Jeff (despite his belligerent and accusatory tone) is correct that it was originally created as an entitlement for the elderly to prevent them from becoming destitute during their aging years when they can no longer physically work. As usual, a govt program with noble beginnings evolves to a pile of shit that anyone my age (50) and younger should write off as a loss when retirement planning

He Who Has Anger Management Issues is also correct that from an actuarial standpoint, SS is pretty easy. They do 50 year projections and they're pretty accurate when the date arrives. A few subtle tweaks will keep SS going, but the burden of the "disabled" could upset the applecart as the statisticians can't easily mathematically determine the propensity to freeload.
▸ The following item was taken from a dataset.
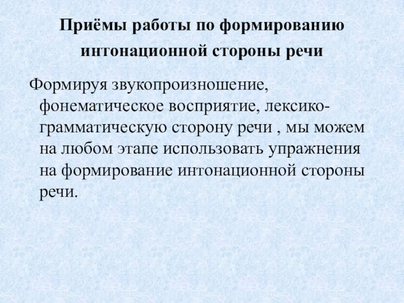 восприятие, лексико- грамматическую сторону речи , мы можем на любом этапе использовать упражнения на формирование интонационной стороны речи.
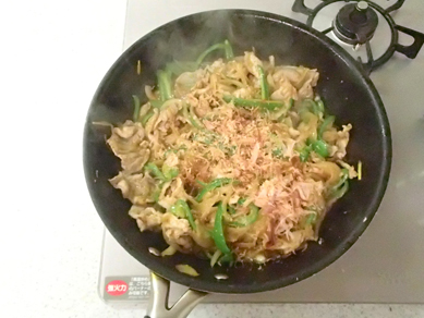 3.Aを加えて汁気を飛ばすように炒め、火を止めてから削り節をちらして全体を混ぜる。

Lastly, the Name Caller is correct that Medicare is a much much scarier thing and is even scarier with Obamacare (and would stop the earth rotating on it's axis if we went single payer). They don't do 50 year Medicare projections like they do for SS because they know they'll be nowhere close. They do 25 year projections instead. In 1965, the projected in 1991 it would be a $9billion/year program. When 1991 came around the program cost $120billion. Their accuracy hasn't improved and the growth in medicare spending over the course of time outpaces inflation. The irony is that I (and all physicians) make the same off Medicare in 2017 as we did in 1994. Inflation of our expenses has resulted in losing money on Medicare for many/most doctors. The hospitals have been doing just fine...
So if you die before you use up the money you and your employer put in plus interest, it's not an entitlement, but if you live past that dollar amount, it is.